サ責のうち、初任者研修課程の修了者、旧2級課程の修了者は任用要件から廃止する。ただし、現に従事している者については1年間の経過措置を設ける。また、初任者研修課程の修了者、旧2級課程の修了者であるサ責を配置している場合の減算についても、2018年度は現に従事している者に限定し、2019年度以降は廃止する。
 
利用者の口腔に関する問題や服薬状況などに関する気付きを、サ責からケアマネなどの関係者に情報共有することについて、サ責の責務として明確化する。
 
訪問介護の所要時間については、実際の提供時間ではなく、標準的な時間を基準としてケアプランが作成される。
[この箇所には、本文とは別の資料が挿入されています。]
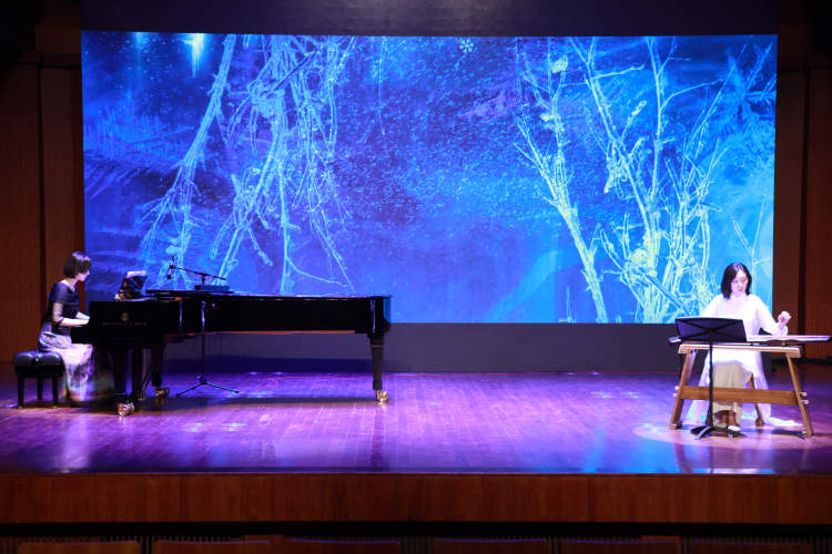 钢琴和古琴在“雪”和“梅”、“风”、“月”角色间的切换,形成“古今对话”的关系。画面以视觉意象的形态变化与运动配合音乐的旋律与节奏,形成视听的虚实交错、结合的效果——希望观者能从中得到一种净心、清心,在这个纯洁的雪世界,拥有一段对[静]和[美]的体验时光。
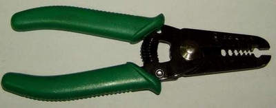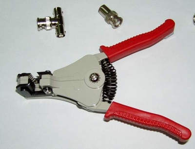 这种工具的特点是两用:剥线和去壳一气呵成。将同轴电缆按直径放入相应的锯齿状刀刃后握紧把手,锯齿刀刃就会把同轴电缆的外壳割破,再握把手,钳子就会把外壳向两边分开,而电缆里面的线不会受影响。剥完外壳后,也可以用它剥开同轴电缆里面的绝缘层。这种工具有好几种规格,分别可以剥0.5~2.0mm、1.0~3.2mm、0.9~5.5mm等不同规格的线缆。

一方で、標準時間と実際の提供時間が著しく乖離している場合には、実際の提供時間に応じた時間にプランを見直すべきである。このため、サ責は提供時間を記録するとともに、著しくプラン上の標準時間と乖離している場合にはケアマネに連絡し、ケアマネは必要に応じたプランの見直しをすることを明確化する。
 
訪問介護事業者はケアマネジャーに対して、自身の事業所のサービス利用に関する不当な働きかけを行ってはならない旨を明確化する。
 

 共生型訪問介護・居宅介護

 

介護保険と障害福祉、どちらかの制度のもとでホームヘルプを提供している事業所が希望すれば、基本的に全て共生型サービスの指定を受けられるようにする。障害福祉制度の「障害者居宅介護従業者基礎研修」の修了者や「重度訪問介護従業者養成研修」の修了者などについては、65歳に至るまでその事業所で障害福祉サービスを利用していた高齢障害者に対してのみ、サービスを提供できることとする。
 
介護保険の訪問介護と障害福祉の居宅介護の報酬は基本的に同じ。このため、どちらか一方の基準しか満たしていない共生型サービスも同等の単位数とする。この際、障害福祉制度における「障害者居宅介護従業者基礎研修」の修了者についての取り扱い(30%減算)も踏まえる。また、訪問介護事業所の各種加算は、算定要件を満たした場合に算定できることとする。